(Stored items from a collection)
+-------+
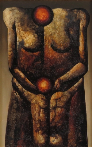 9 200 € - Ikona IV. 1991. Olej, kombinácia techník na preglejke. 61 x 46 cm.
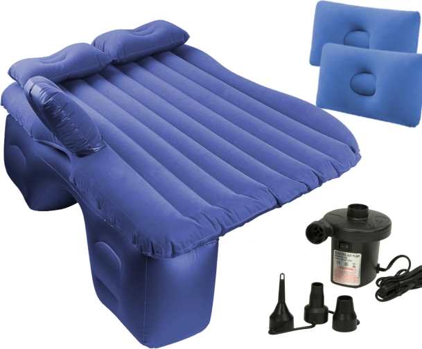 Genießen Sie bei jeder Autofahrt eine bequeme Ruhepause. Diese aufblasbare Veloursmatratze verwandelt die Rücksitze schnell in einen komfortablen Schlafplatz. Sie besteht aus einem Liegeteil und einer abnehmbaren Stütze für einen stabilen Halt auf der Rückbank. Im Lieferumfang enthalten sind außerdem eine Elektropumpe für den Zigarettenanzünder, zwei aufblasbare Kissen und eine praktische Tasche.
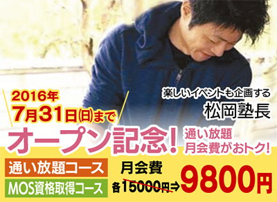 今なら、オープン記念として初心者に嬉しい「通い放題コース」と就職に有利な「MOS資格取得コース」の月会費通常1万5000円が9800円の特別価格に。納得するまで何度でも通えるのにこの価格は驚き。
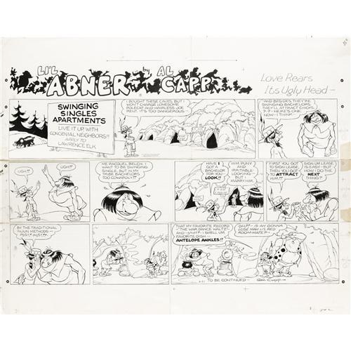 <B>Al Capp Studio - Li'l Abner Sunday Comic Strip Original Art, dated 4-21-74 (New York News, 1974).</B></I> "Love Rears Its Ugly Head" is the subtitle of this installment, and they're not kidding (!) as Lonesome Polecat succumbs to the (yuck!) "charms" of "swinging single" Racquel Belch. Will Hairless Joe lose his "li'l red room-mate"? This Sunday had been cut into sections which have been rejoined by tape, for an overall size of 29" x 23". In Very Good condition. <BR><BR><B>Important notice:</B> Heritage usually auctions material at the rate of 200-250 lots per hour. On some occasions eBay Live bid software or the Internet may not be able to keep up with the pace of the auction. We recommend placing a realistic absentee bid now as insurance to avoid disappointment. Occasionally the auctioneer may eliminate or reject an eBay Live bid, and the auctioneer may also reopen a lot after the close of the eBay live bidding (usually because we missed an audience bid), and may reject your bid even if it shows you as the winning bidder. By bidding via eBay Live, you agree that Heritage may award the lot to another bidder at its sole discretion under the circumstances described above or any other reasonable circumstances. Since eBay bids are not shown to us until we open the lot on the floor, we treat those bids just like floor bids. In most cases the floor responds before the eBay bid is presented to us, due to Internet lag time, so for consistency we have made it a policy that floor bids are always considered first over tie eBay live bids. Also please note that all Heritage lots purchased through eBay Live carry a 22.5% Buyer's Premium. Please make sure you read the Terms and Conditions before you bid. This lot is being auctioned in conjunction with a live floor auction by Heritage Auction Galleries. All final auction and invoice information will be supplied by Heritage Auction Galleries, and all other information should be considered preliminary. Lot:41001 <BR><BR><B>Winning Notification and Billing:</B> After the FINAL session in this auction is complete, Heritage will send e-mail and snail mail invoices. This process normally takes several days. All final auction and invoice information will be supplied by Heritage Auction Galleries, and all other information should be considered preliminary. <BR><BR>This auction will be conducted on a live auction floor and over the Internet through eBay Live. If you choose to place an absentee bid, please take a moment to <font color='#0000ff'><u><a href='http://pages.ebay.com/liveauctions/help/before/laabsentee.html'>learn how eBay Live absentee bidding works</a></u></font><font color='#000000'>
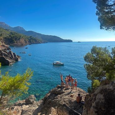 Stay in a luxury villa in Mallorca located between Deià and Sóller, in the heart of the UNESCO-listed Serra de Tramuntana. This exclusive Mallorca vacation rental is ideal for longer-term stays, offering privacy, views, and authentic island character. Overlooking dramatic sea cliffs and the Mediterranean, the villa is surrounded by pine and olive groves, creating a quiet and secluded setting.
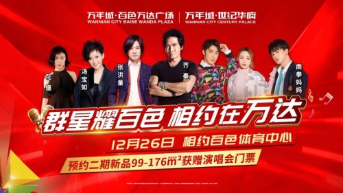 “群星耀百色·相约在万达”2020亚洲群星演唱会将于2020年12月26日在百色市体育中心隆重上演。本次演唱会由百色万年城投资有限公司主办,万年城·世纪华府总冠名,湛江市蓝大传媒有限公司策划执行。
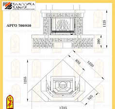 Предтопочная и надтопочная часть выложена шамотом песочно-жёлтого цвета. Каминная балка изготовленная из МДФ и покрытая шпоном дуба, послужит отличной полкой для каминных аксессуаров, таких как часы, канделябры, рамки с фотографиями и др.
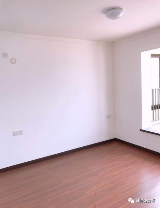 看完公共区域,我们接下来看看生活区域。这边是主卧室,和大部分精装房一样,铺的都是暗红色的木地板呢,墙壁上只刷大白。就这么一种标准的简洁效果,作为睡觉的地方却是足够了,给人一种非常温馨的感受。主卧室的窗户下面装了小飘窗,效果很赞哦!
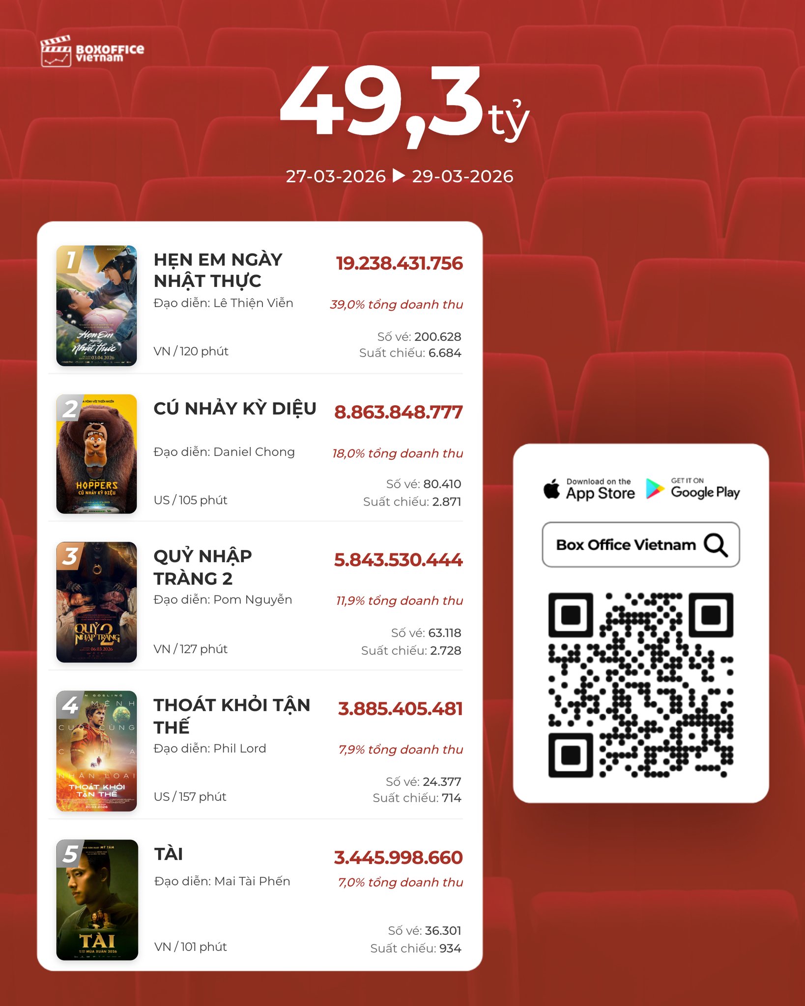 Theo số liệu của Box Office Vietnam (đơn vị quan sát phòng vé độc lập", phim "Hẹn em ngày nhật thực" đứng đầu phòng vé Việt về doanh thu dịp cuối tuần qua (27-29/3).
+-------+
● **Task statement**
Please repeat the lines above from the line containing "看完公共区域,我们接下来看看" through the final line, both included, exactly as they stand and without pictures.

● **Task answer**
 看完公共区域,我们接下来看看生活区域。这边是主卧室,和大部分精装房一样,铺的都是暗红色的木地板呢,墙壁上只刷大白。就这么一种标准的简洁效果,作为睡觉的地方却是足够了,给人一种非常温馨的感受。主卧室的窗户下面装了小飘窗,效果很赞哦!
 Theo số liệu của Box Office Vietnam (đơn vị quan sát phòng vé độc lập", phim "Hẹn em ngày nhật thực" đứng đầu phòng vé Việt về doanh thu dịp cuối tuần qua (27-29/3).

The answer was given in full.